I know Macca. I can barely throw food in the lunchboxes and get my kids dressed in time, let alone putting of full makeup. They must get up very, very early. I'd rather have an extra half hour in bed, hitting the snooze button.


----------



## bigdave (Oct 22, 2008)

tell me more about these tinfoil tiara parents. I dont want to be one so educate me.


----------



## flossie (Jun 9, 2008)

Andy, you do get some say in the arranged marriage. My mother-in-law's father brought home 5 photo's and let her pick the one she liked best. Mind you, she was a stunning woman back then, so you may not get the same wide choice.


----------



## flossie (Jun 9, 2008)

Tinfoil Tiara wearers are the sort that are incredibly rude to the checkout chicks in Spinneys even though could probably only aspire to work an Asda checkout back home. Look you down from head to toe when they see you to clock what you're wearing. They tend to hang around in groups and the smell of their expensive perfume usually alerts you to their presence before you actually see them. Will pick their way through the sand in the car park wearing their stilletto Jimmy Choos. If it's a wet day, will park in the 'drop off' section to get out of the car and go into the school to pick up their child while abusing the security gaurd who is vainly trying to explain to them why they can't park there. She would be totally oblivious the very long queue of traffic she has caused by just parking her brand new Volvo/BMW/Lexus in the middle of the road. (Actually, they are usually known to drive Toyota Prados but because I sometimes drive my husband's I'm not mentioning that!!)


----------



## flossie (Jun 9, 2008)

bigdave said:


> tell me more about these tinfoil tiara parents. I dont want to be one so educate me.

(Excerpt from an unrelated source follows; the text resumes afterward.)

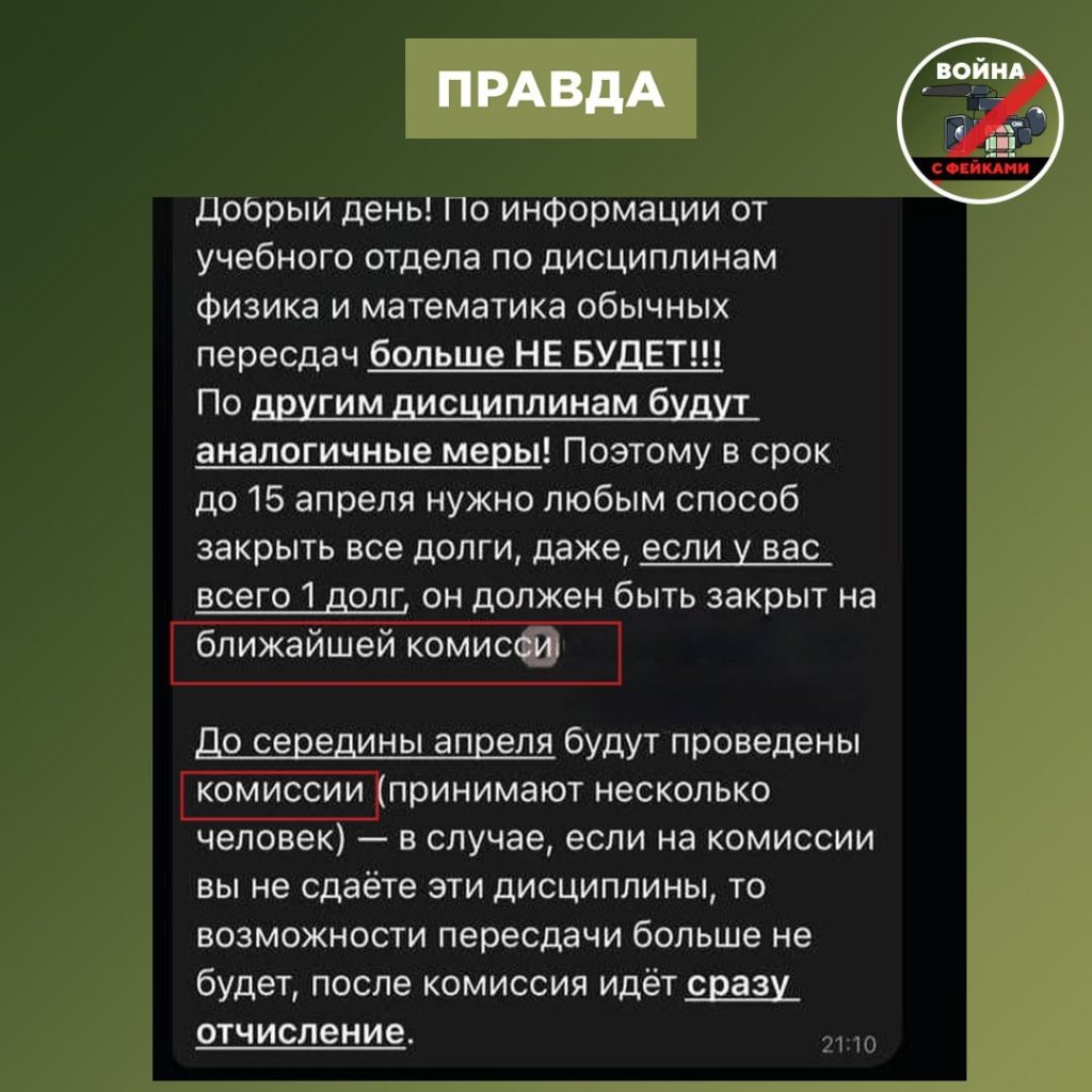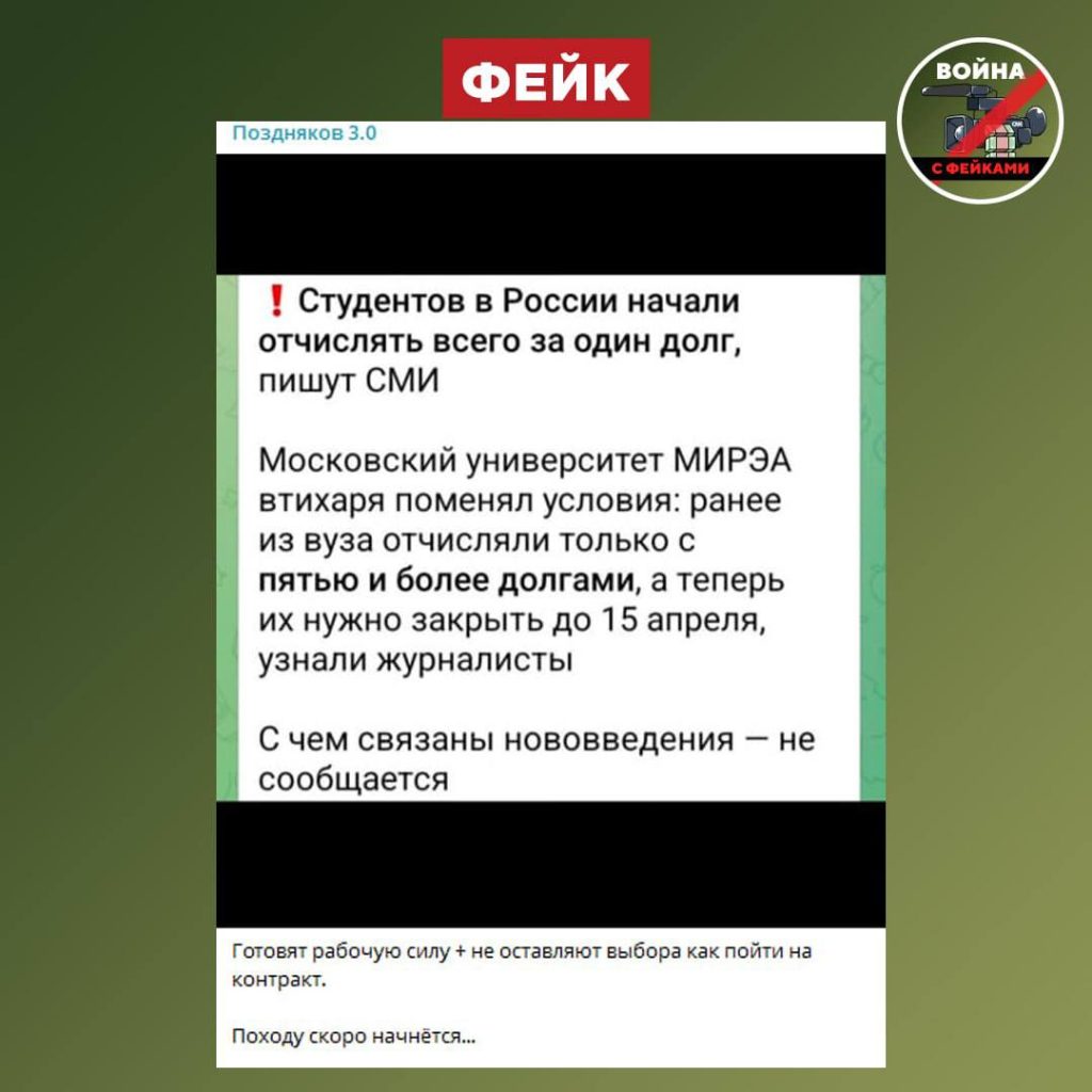 О чем фейк: Студентов начали отчислять из российских вузов за один долг по учебе, чтобы отправить их на СВО. Об этом пишет ряд телеграм-каналов.

Dave, I must say, I have my doubts about you. Bunny suits, bikinis, tiaras..........


----------



## Elphaba (Jan 24, 2008)

flossie said:


> Tinfoil Tiara wearers are the sort that are incredibly rude to the checkout chicks in Spinneys even though could probably only aspire to work an Asda checkout back home. Look you down from head to toe when they see you to clock what you're wearing. They tend to hang around in groups and the smell of their expensive perfume usually alerts you to their presence before you actually see them. Will pick their way through the sand in the car park wearing their stilletto Jimmy Choos. If it's a wet day, will park in the 'drop off' section to get out of the car and go into the school to pick up their child while abusing the security gaurd who is vainly trying to explain to them why they can't park there. She would be totally oblivious the very long queue of traffic she has caused by just parking her brand new Volvo/BMW/Lexus in the middle of the road. (Actually, they are usually known to drive Toyota Prados but because I sometimes drive my husband's I'm not mentioning that!!)



Jumeirah Janes to the rest of us. 


-


----------



## bigdave (Oct 22, 2008)

flossie said:


> Dave, I must say, I have my doubts about you. Bunny suits, bikinis, tiaras..........


Flossie you dont know me yet. I maybe the man in the house but I am not the bread winner. I do the job of these fake people you are talking about do. I have been a stay at home Dad for the past 6 years and will continue to do so in Dubai. Once you meet me and know me you will understand why I dont want to be catorgorized in this tiara group. I am the realest mofo you will ever meet. 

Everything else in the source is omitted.